Screen talk: Money man
Friday 14 October 2011
The author Michael Lewis has not only written bestsellers, but now he has written his way well and truly on to Hollywood's go to radar after doing something movie-backers love.
He wrote the book Moneyball, which made $20m from its opening weekend as a film starring Brad Pitt. On the back of that, Lewis is tipped to take an active role in what may be the next film based on one of his books. Warner Bros has asked Lewis to pen a script based on Liar's Poker, his classic 1989 account of working as a bond trader at Salomon Brothers in the heady 1980s, which has been in development for a while. John Requa and Glenn Ficarra (Crazy, Stupid, Love) have come on board to direct the film. Also in development is The Big Short, based on Lewis's 2010 book about the 2008 financial crisis. That is being developed at Paramount, with Moneyball star Brad Pitt and his Plan B company attached to produce.
Down on the farm
A movie about farming is the unlikely subject for a big screen job for Clancy Brown, the actor immortalised as Kurgan in 1986's Highlander. But farming it is with Brown signing up to star alongside Dennis Quaid and Zac Efron in a yet-to-be-titled Ramin Bahrani project that also counts Heather Graham (above centre) and Kim Dickens in the cast. The project, formerly titled "Heartland", details the story of a farmer and sales seedman (Quaid) trying to deal with his race car-driving son who refuses to plough his father's furrow.
Somewhere in time
Disney is ramping up plans to make Time Zones, a script billed as having a mind-bending concept. The studio has tasked Marc Guggenheim with the task of turning a story that combines a race against time with a race in time. Er, okay then. The story is set after an event that causes the world to spontaneously develop "time zones", but not like the ones that exist right now. The zones are fractures in space-time, which means on one side of the world it might be 2065 in New York, while on the other it is 300BC in China. Against this backdrop, one man realises that because time travel is now a matter of geography, he has the chance to change the past and save the life of his wife, but must team up with his estranged daughter to do so. Guggenheim is best known for his TV work – he was a writer-exec producer on FlashForward – and was a writer on The Green Lantern.

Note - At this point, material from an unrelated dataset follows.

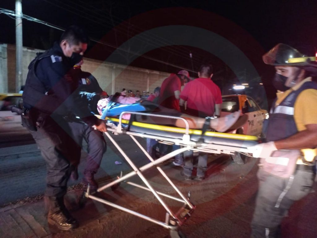 Los cuerpos de emergencia al arribar al sitio se percataron que se trataba de un vehículo del transporte público en modalidad de taxi marcado con el número económico 0263 el cual se encontraba arriba del camellón, donde el conductor y su copiloto se encontraban heridos, asimismo, en la unidad viajaba un menor que por fortuna resultó ileso, de igual manera, se localizó un automóvil Nissan Tsuru que de la misma forma contaba con cuantiosos daños materiales, además de haber resultado heridos dos tripulantes, siendo trasladadas las cuatro personas a un nosocomio por Bomberos y Cruz Roja.

Tarantino recruits Kurt Russell
Quentin Tarantino (above right) continues to command actors' attention and instil a desire to work for him, especially those he has worked with previously. The fast-talking, dialogue-loving former video-shop clerk is lining up quite a cast for his latest, Django Unchained. But after Kevin Costner pulled out, Tarantino speedily replaced his acting chops with none other than Kurt Russell. The movie is set in the American South of the 1800s and follows a freed slave (Jamie Foxx) who partners with a German bounty hunter (Christoph Waltz) in order to find his wife. Russell joins to play a baddie in a film that already boasts an impressive bad-guy list, including Leonardo DiCaprio as a Francophile plantation owner who forces slaves to compete in death matches and Samuel L Jackson as a nasty head slave who works for DiCaprio. Russell plays a character called Ace, a man who oversees the plantation in a ruthless manner and who relishes punishing slaves. It is set to shoot in November this year.
Noah and the tale
Darren Aronofsky is attached to direct the big-screen version of the Biblical tale Noah. The screenwriter John Logan, whose credits include Gladiator and The Aviator, will re-write a script by Aronofsky and Ari Handel. Aronofsky believes in the project so much he will also help produce it.